Data extracted from a collection
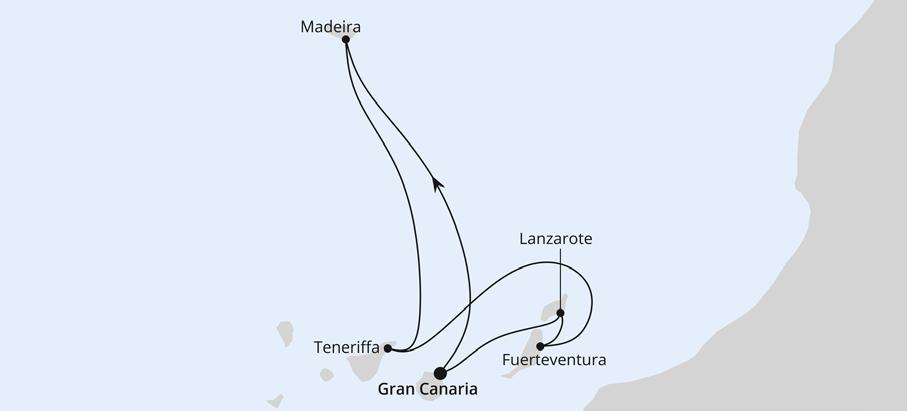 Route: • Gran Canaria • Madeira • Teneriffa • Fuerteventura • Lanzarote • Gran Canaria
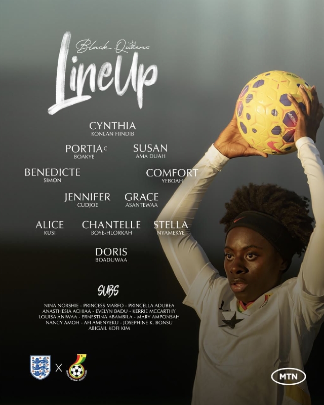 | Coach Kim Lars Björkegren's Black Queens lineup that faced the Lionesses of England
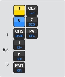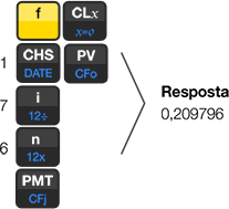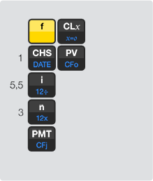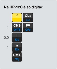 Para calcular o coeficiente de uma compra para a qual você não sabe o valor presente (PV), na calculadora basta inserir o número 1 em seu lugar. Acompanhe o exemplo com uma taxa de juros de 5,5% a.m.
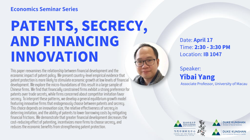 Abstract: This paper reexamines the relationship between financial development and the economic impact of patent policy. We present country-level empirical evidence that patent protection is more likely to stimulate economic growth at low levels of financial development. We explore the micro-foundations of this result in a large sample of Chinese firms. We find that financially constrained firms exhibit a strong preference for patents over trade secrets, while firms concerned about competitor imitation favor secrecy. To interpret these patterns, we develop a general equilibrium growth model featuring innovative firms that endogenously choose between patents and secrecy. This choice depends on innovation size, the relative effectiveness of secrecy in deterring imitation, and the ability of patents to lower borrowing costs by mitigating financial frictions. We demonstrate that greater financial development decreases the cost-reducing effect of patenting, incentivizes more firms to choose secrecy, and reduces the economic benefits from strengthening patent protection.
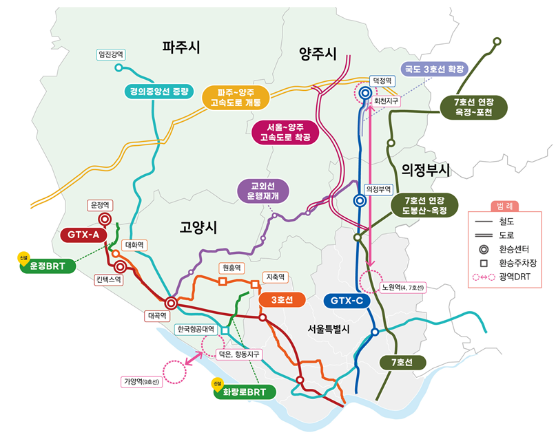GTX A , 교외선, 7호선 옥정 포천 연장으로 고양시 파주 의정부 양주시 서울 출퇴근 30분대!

• [TASK ITEM]: Text only, no pictures: please print exactly the lines above from the line with "Lionesses of England" up to and including the line with "Para calcular o", and nothing else.

• [SOLUTION FOR THIS PROBLEM]:
 | Coach Kim Lars Björkegren's Black Queens lineup that faced the Lionesses of England
 Para calcular o coeficiente de uma compra para a qual você não sabe o valor presente (PV), na calculadora basta inserir o número 1 em seu lugar. Acompanhe o exemplo com uma taxa de juros de 5,5% a.m.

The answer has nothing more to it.